Tick-tock, Mr. President. Justice delayed is justice denied, but we will give you a qualified PAWS UP for taking a step -- and publicly acknowledging how far we have yet to go.

Watch the vid of the signing ceremony. It's short, and it is a kick to see Dr. Kameny enthusiastically receive the pen from the president at the end.

Pam's House Blend has a transcript of the president's remarks here. Text of the memorandum is here.

AM Update: Reactions roll in to the president's move yesterday. Wa Po has a couple of glass half full pieces, one that focuses on responses from federal workers who will be affected by the expansion of benefits and one that focuses on the backstory of LGBT advocates working with the administration from the time of the transition to plant the seeds for pro-gay policy moves.
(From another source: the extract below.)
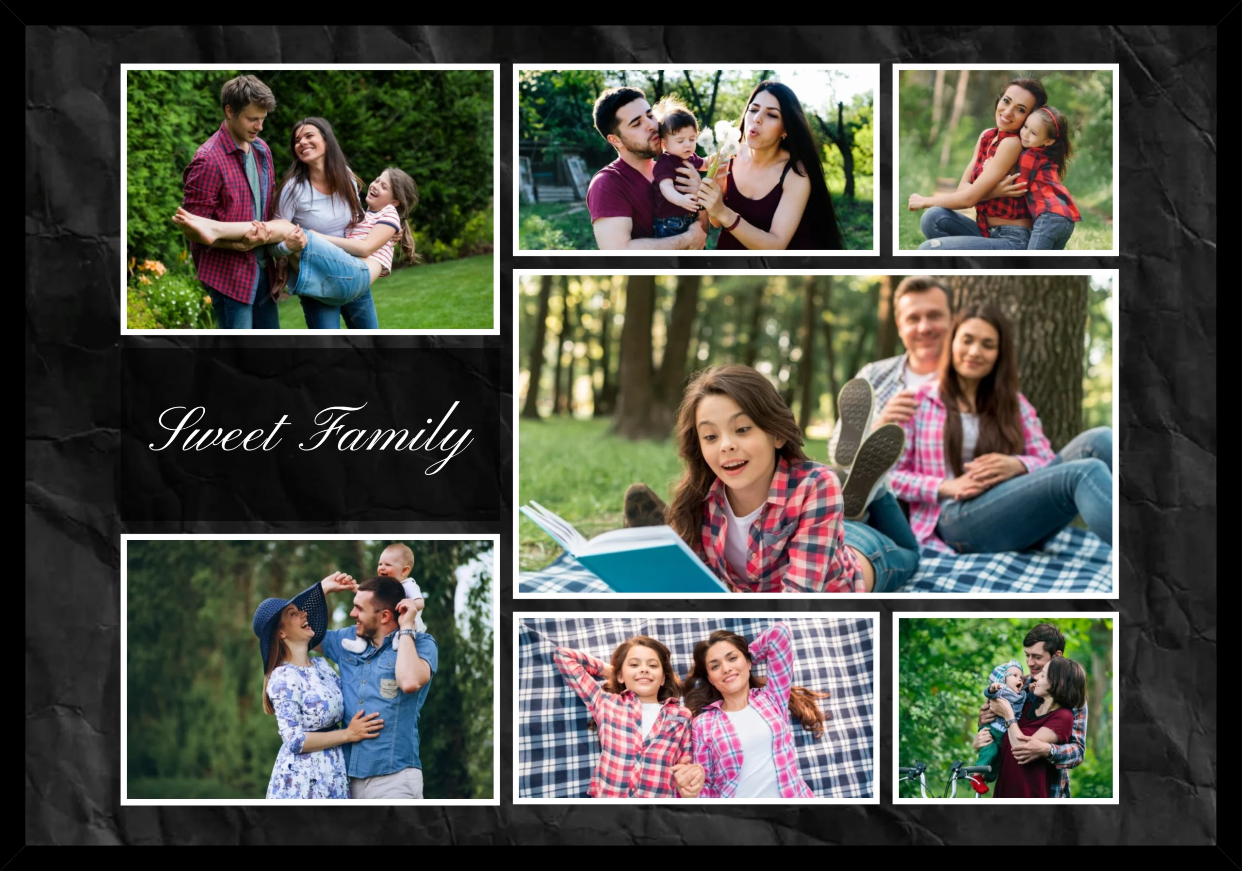 - 7-Photo Collage Layout: Display up to 7 of your favorite family memories in a perfectly balanced design.

There is also a less happy-happy piece about the president's reluctance to "wade into" gay issues, as if they were some kind of toxic bog of ickiness bound to sully Obama's pretty ankles. NYT is glass half empty, with a piece focused on how disappointed many advocates are with a gesture that seems tokenistic and half-hearted. Meanwhile, over at Americablog, John Aravosis burns with a white-hot rage -- toward Barney Frank, toward HRC president Joe Solmonese, and toward all those bums in the Obama admin who suckered him and many others in the LGBT community into believing they were a part of the whole hopey-changey plan. (That last link gives you reactions from most of the major LGBT advocacy orgs, btw.)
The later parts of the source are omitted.